Près de la moitié des huiles d'olive vendues en France sont non-conformes

·2 min de lecture
Selon une récente enquête de la DGCCRF, 49 % des huiles d’olive commercialisées en France sont non-conformes...

Selon une récente enquête de la Direction générale de la concurrence, de la consommation et de la répression des fraudes (DGCCRF), jusqu'à 49% des huiles d’olive commercialisées en France ne répondent pas aux règles en vigueur.

Chaque année, plus de 110 000 tonnes d'huile d'olive sont commercialisées en France. Toutefois, près de 49% de ces ventes seraient non-conformes, selon une étude sidérante publiée mardi par la DGCCRF, rapporte Le Progrès.

En effet, selon les enquêteurs de la Direction générale de la concurrence, de la consommation et de la répression des fraudes, la qualité des huiles d'olive présentes dans les rayons français laisserait clairement à désirer. La DGCCRF a ainsi contrôlé 227 établissements - des responsables de la première mise sur le marché, des grossistes ainsi que des détaillants - et le verdict a été sans appel. Dans 40% des cas, des anomalies ont été constatées, notamment "chez les grossistes et au stade de la vente directe (internet, marchés)", indique l'organisme.

VIDÉO >> Carnet de Santé - Dr Christian Recchia : "Attention, les carences en vitamine D ce sont des cancers graves et de l'ostéoporose"

Certains importateurs vont jusqu'à mettre sur le marché des huiles d’olive non comestibles

126 prélèvements ont également été analysés. Parmi eux, 25,5% ont été jugés "conformes" aux mentions d’étiquetage, 25,5% ont été estimés "à surveiller", tandis que 49% ont été déclarés "non conformes". Certaines huiles présentaient "des défauts de qualité qui leur ont valu un déclassement de "vierge extra (de qualité supérieure)" à "vierge", a expliqué la DGCCRF dans un communiqué. D’autres n’avaient pas les bonnes indications sur les étiquettes.

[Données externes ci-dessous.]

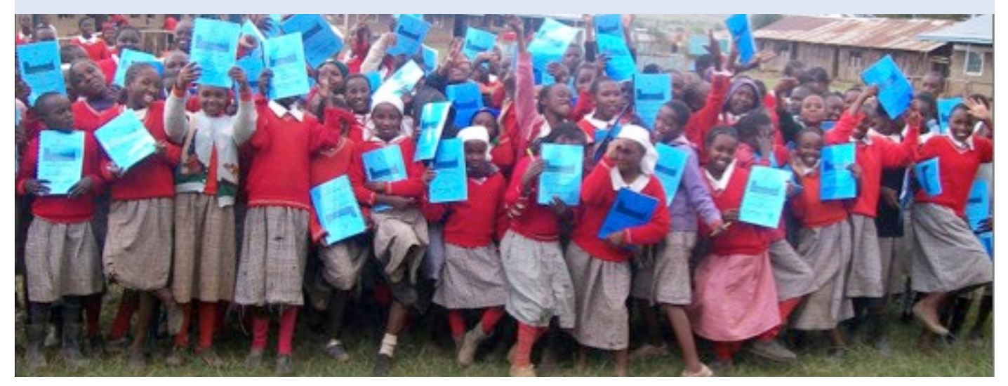
Primary-aged girls participating in the Wezesha Vijana project.

percent of school-aged girls in Kenya drop out because of pregnancy (Girls Discovered n.d.).
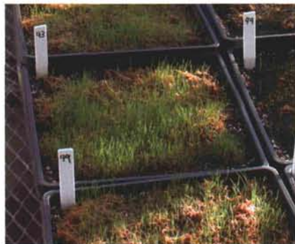
View of greenhouse trial used to estimate viable annual bluegrass in the top 1/2" of soil. Note the tremendous density of annual bluegrass seedlings. The flat pictured was topdressed with the surface 1/2" of soil from an area of less than two-tenths of a square foot.

was confined to the top 0.4". On a seed-number basis, and averaged over all samples containing AB seed, 83% of the viable seed in the whole sample was in the top 0.4" of soil. Another 8.5% was in the second 0.4". More than 90% of the viable AB seed in infested sites is located in the top 0.8" of soil (Figure 1).
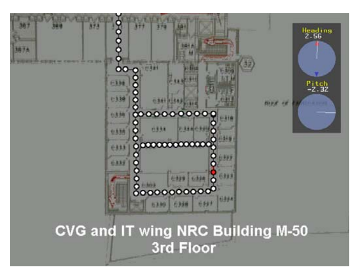
Figure 4: 2D connected graph of panorama locations.

When a user moves to a new location, the new panorama is loaded from disk and displayed in the viewer. Recall that the actual cube and viewpoint location remain fixed in the 3D world. Moving to a new location is simulated by changing the face textures of the cube quadrilaterals from the previous panorama images to the new one. A global orientation is maintained during navigation by specifying an offset for each panorama cube. When a cube is loaded, the local orientation is determined by combining the global orientation and the cube offset. The local orientation is updated automatically when the new cube is loaded, so the user gains a sense of physically moving in the direction they were facing, even though their position does not change in the 3D world. Many panoramas are captured in sequences to prevent large jumps when navigating. Manipulating the local orientation within a panorama simulates moving your head in the real world. Moving to a new panorama in the system simulates walking in the real world. Cubes also contain GPS data for outdoor environments, which can be used for automatic localization on maps. The environment is stored in XML format, so that the individual panorama cubes can be easily extended to include additional data.
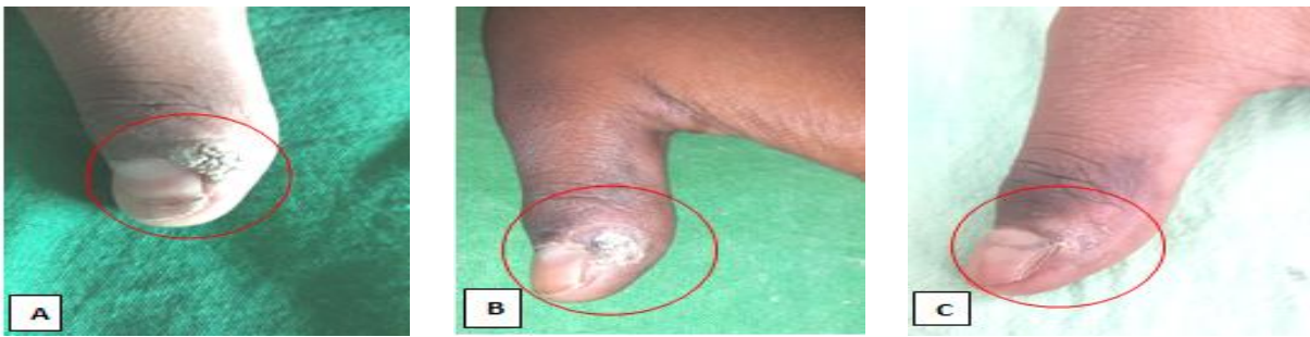
Fig A- 1 st Visit: Week 0, Fig B- 2 nd Visit: Week 3, Black eschar formed after injection, Fig C- 3 rd Visit: Week 6, Complete Response with P.I.H.
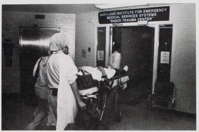
A patient is brought to the Shock Trauma Center.
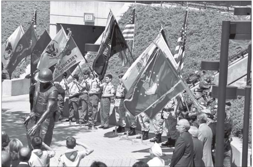
Chapter 800 of the Vietnam Veterans of America, the North Jersey Chapter of the 82nd Airborne Division Association, and Boy Scout Troop 155 of Freehold posted the colors at the Remembrance Day Ceremony.

It was announced that the New Jersey Vietnam Veterans' Memorial Foundation recently added three more names to the New Jersey Vietnam Veterans' Memo-
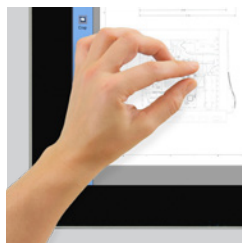
Standard Windows application or intuitive touch-screen mode
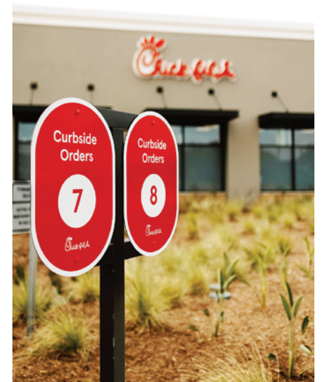
Curbside orders are available for added convenience.

Chick-fil-A, Inc. is the third largest quick-service restaurant company in the United States, known for its freshly-prepared food, signature hospitality and unique franchise model. More than 200,000 Team Members are employed by independent owner-operators in more than 3,000 restaurants across the United States, Canada, and Puerto Rico. In 2023, the company shared plans to
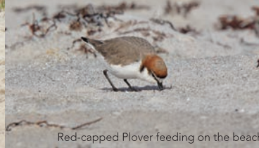
Red-capped Plover feeding on the beach

They are in desperate need of a helping hand.
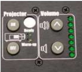
Projector and Volume Controls
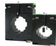
Current transducers LCT type.
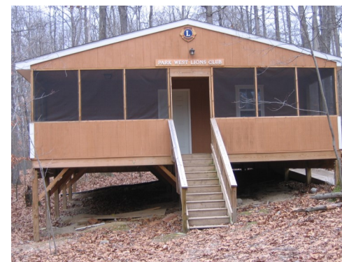
Park West Cabin
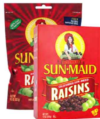
Sun-Maid Raisins 12 OZ; 24/CS #FRA12 10 OZ Bag; 12/CS #FRA10
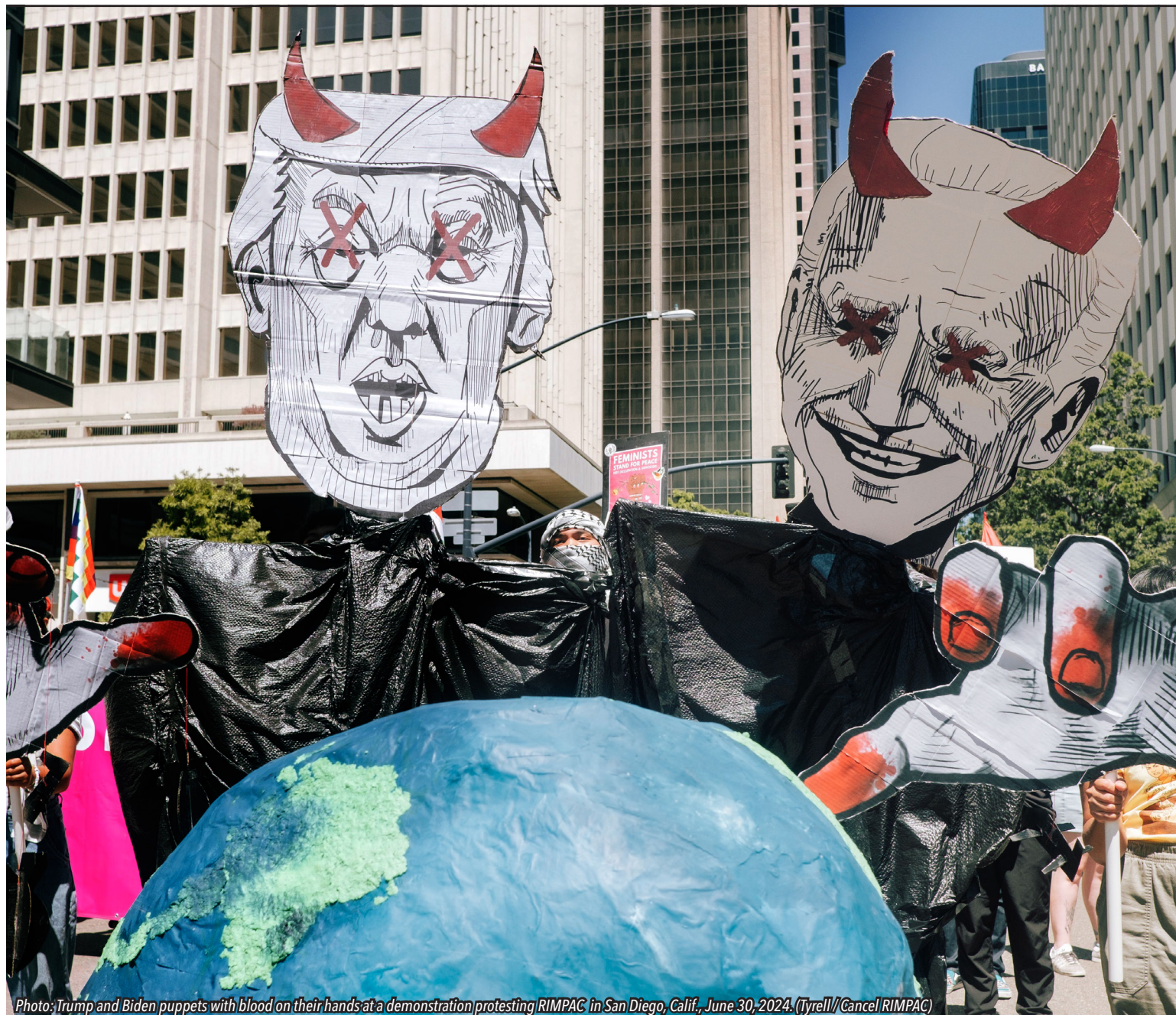
Photo: Trump and Biden puppets with blood on their hands at a demonstration protesting RIMPAC in San Diego, Calif., June 30, 2024.

AmericanPartyofLabor.com — RedPhoenixNews.com — Issue #33 — July 2024 — Donations accepted — Please copy and redistribute!
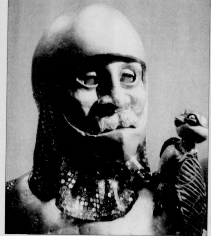
A swallow discovers that a great golden statue is crying because he is unable to help the needy people of his town.
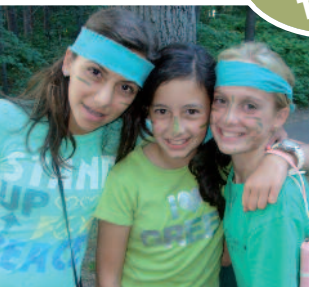
Green Team Members take a time out during challenges for a photo.

Une pratique douteuse ressort de l'enquête : de nombreux professionnels achètent de l'huile d'olive dans d'autres pays "sans connaître la réglementation en vigueur", avant de la revendre parfois sous de fausses appellations. À titre d'exemple, une entreprise qui vendait une huile d’olive "vierge extra" provenant prétendument d’un village de la Drôme, se fournissait en fait dans l'Union européenne. Après analyses, son produit a été rapidement déclassé en huile d’olive "vierge".

Seulement 5% des huiles d'olive consommées en France sont 100% françaises

"L’entreprise a été verbalisée pour pratique commerciale trompeuse et s’est acquittée d’une transaction de 1 500 euros", a précisé la DGCCRF. Si certains importateurs vont jusqu'à mettre sur le marché des huiles d’olive non comestibles, d'autres ont tendance à créer la confusion sur les étiquettes, avec des mentions du type "fabriqué en France", alors que l'huile provient du Portugal.

La DGCCRF, qui rappelle que seulement 5% des huiles d'olive consommées en France sont 100% françaises, a incité la population à la prudence.